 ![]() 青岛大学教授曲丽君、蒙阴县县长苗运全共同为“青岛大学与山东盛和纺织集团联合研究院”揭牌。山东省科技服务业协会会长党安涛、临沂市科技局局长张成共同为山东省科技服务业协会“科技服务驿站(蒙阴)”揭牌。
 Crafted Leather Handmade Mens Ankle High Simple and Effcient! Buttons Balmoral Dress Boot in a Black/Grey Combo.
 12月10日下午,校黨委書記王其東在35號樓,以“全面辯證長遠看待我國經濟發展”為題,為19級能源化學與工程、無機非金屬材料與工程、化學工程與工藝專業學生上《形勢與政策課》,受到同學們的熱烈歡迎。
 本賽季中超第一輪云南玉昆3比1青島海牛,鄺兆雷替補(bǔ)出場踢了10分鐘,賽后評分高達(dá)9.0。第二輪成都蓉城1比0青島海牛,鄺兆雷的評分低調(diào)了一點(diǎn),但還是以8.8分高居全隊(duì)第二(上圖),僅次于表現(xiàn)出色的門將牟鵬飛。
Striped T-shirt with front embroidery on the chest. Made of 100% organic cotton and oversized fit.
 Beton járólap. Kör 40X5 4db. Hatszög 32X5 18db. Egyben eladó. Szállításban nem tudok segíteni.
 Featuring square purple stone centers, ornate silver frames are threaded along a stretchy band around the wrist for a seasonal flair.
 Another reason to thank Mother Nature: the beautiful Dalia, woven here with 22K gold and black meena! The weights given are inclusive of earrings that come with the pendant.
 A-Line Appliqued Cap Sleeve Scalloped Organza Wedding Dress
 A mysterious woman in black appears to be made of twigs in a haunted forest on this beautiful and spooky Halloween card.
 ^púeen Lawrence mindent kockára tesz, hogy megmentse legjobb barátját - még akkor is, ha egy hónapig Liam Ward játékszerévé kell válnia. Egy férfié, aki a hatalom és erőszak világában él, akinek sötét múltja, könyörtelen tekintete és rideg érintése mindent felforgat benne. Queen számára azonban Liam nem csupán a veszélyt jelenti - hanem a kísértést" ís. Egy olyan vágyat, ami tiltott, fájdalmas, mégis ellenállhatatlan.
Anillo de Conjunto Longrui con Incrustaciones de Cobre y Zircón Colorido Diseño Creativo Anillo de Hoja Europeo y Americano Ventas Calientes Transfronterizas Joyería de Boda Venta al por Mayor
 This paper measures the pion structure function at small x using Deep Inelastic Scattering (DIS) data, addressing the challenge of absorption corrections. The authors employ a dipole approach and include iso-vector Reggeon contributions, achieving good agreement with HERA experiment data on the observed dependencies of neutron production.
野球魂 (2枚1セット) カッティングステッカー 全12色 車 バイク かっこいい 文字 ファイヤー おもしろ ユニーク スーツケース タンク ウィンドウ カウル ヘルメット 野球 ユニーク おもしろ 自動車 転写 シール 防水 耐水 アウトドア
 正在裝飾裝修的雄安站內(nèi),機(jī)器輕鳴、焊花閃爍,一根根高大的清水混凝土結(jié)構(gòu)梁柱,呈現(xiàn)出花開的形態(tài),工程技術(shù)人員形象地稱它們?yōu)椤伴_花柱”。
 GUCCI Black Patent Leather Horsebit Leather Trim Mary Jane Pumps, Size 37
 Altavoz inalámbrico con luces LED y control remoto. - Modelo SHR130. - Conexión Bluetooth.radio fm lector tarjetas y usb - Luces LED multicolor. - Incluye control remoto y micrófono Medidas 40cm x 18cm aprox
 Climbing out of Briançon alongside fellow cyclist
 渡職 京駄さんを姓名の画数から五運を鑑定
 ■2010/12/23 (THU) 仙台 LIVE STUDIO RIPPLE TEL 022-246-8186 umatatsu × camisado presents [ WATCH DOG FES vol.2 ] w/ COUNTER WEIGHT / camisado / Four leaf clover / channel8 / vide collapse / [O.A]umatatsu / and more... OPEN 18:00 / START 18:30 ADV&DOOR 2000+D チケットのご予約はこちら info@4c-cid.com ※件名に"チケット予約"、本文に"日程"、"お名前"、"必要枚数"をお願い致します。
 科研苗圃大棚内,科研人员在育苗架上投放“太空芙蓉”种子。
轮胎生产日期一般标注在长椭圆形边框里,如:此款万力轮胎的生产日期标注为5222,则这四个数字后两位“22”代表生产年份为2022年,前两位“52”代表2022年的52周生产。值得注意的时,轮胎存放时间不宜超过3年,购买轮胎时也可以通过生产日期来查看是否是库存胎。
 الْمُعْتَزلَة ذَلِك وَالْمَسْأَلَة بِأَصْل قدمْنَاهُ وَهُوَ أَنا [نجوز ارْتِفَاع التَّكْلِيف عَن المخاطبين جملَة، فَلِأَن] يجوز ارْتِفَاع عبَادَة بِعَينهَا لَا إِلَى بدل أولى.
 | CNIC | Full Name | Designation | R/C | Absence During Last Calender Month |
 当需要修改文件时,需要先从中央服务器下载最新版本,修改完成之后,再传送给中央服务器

▸ Task directions
Write out the material above exactly, leaving out no line.

▸ Solution for this exercise
 ![]() 青岛大学教授曲丽君、蒙阴县县长苗运全共同为“青岛大学与山东盛和纺织集团联合研究院”揭牌。山东省科技服务业协会会长党安涛、临沂市科技局局长张成共同为山东省科技服务业协会“科技服务驿站(蒙阴)”揭牌。
 Crafted Leather Handmade Mens Ankle High Simple and Effcient! Buttons Balmoral Dress Boot in a Black/Grey Combo.
 12月10日下午,校黨委書記王其東在35號樓,以“全面辯證長遠看待我國經濟發展”為題,為19級能源化學與工程、無機非金屬材料與工程、化學工程與工藝專業學生上《形勢與政策課》,受到同學們的熱烈歡迎。
 本賽季中超第一輪云南玉昆3比1青島海牛,鄺兆雷替補(bǔ)出場踢了10分鐘,賽后評分高達(dá)9.0。第二輪成都蓉城1比0青島海牛,鄺兆雷的評分低調(diào)了一點(diǎn),但還是以8.8分高居全隊(duì)第二(上圖),僅次于表現(xiàn)出色的門將牟鵬飛。
Striped T-shirt with front embroidery on the chest. Made of 100% organic cotton and oversized fit.
 Beton járólap. Kör 40X5 4db. Hatszög 32X5 18db. Egyben eladó. Szállításban nem tudok segíteni.
 Featuring square purple stone centers, ornate silver frames are threaded along a stretchy band around the wrist for a seasonal flair.
 Another reason to thank Mother Nature: the beautiful Dalia, woven here with 22K gold and black meena! The weights given are inclusive of earrings that come with the pendant.
 A-Line Appliqued Cap Sleeve Scalloped Organza Wedding Dress
 A mysterious woman in black appears to be made of twigs in a haunted forest on this beautiful and spooky Halloween card.
 ^púeen Lawrence mindent kockára tesz, hogy megmentse legjobb barátját - még akkor is, ha egy hónapig Liam Ward játékszerévé kell válnia. Egy férfié, aki a hatalom és erőszak világában él, akinek sötét múltja, könyörtelen tekintete és rideg érintése mindent felforgat benne. Queen számára azonban Liam nem csupán a veszélyt jelenti - hanem a kísértést" ís. Egy olyan vágyat, ami tiltott, fájdalmas, mégis ellenállhatatlan.
Anillo de Conjunto Longrui con Incrustaciones de Cobre y Zircón Colorido Diseño Creativo Anillo de Hoja Europeo y Americano Ventas Calientes Transfronterizas Joyería de Boda Venta al por Mayor
 This paper measures the pion structure function at small x using Deep Inelastic Scattering (DIS) data, addressing the challenge of absorption corrections. The authors employ a dipole approach and include iso-vector Reggeon contributions, achieving good agreement with HERA experiment data on the observed dependencies of neutron production.
野球魂 (2枚1セット) カッティングステッカー 全12色 車 バイク かっこいい 文字 ファイヤー おもしろ ユニーク スーツケース タンク ウィンドウ カウル ヘルメット 野球 ユニーク おもしろ 自動車 転写 シール 防水 耐水 アウトドア
 正在裝飾裝修的雄安站內(nèi),機(jī)器輕鳴、焊花閃爍,一根根高大的清水混凝土結(jié)構(gòu)梁柱,呈現(xiàn)出花開的形態(tài),工程技術(shù)人員形象地稱它們?yōu)椤伴_花柱”。
 GUCCI Black Patent Leather Horsebit Leather Trim Mary Jane Pumps, Size 37
 Altavoz inalámbrico con luces LED y control remoto. - Modelo SHR130. - Conexión Bluetooth.radio fm lector tarjetas y usb - Luces LED multicolor. - Incluye control remoto y micrófono Medidas 40cm x 18cm aprox
 Climbing out of Briançon alongside fellow cyclist
 渡職 京駄さんを姓名の画数から五運を鑑定
 ■2010/12/23 (THU) 仙台 LIVE STUDIO RIPPLE TEL 022-246-8186 umatatsu × camisado presents [ WATCH DOG FES vol.2 ] w/ COUNTER WEIGHT / camisado / Four leaf clover / channel8 / vide collapse / [O.A]umatatsu / and more... OPEN 18:00 / START 18:30 ADV&DOOR 2000+D チケットのご予約はこちら info@4c-cid.com ※件名に"チケット予約"、本文に"日程"、"お名前"、"必要枚数"をお願い致します。
 科研苗圃大棚内,科研人员在育苗架上投放“太空芙蓉”种子。
轮胎生产日期一般标注在长椭圆形边框里,如:此款万力轮胎的生产日期标注为5222,则这四个数字后两位“22”代表生产年份为2022年,前两位“52”代表2022年的52周生产。值得注意的时,轮胎存放时间不宜超过3年,购买轮胎时也可以通过生产日期来查看是否是库存胎。
 الْمُعْتَزلَة ذَلِك وَالْمَسْأَلَة بِأَصْل قدمْنَاهُ وَهُوَ أَنا [نجوز ارْتِفَاع التَّكْلِيف عَن المخاطبين جملَة، فَلِأَن] يجوز ارْتِفَاع عبَادَة بِعَينهَا لَا إِلَى بدل أولى.
 | CNIC | Full Name | Designation | R/C | Absence During Last Calender Month |
 当需要修改文件时,需要先从中央服务器下载最新版本,修改完成之后,再传送给中央服务器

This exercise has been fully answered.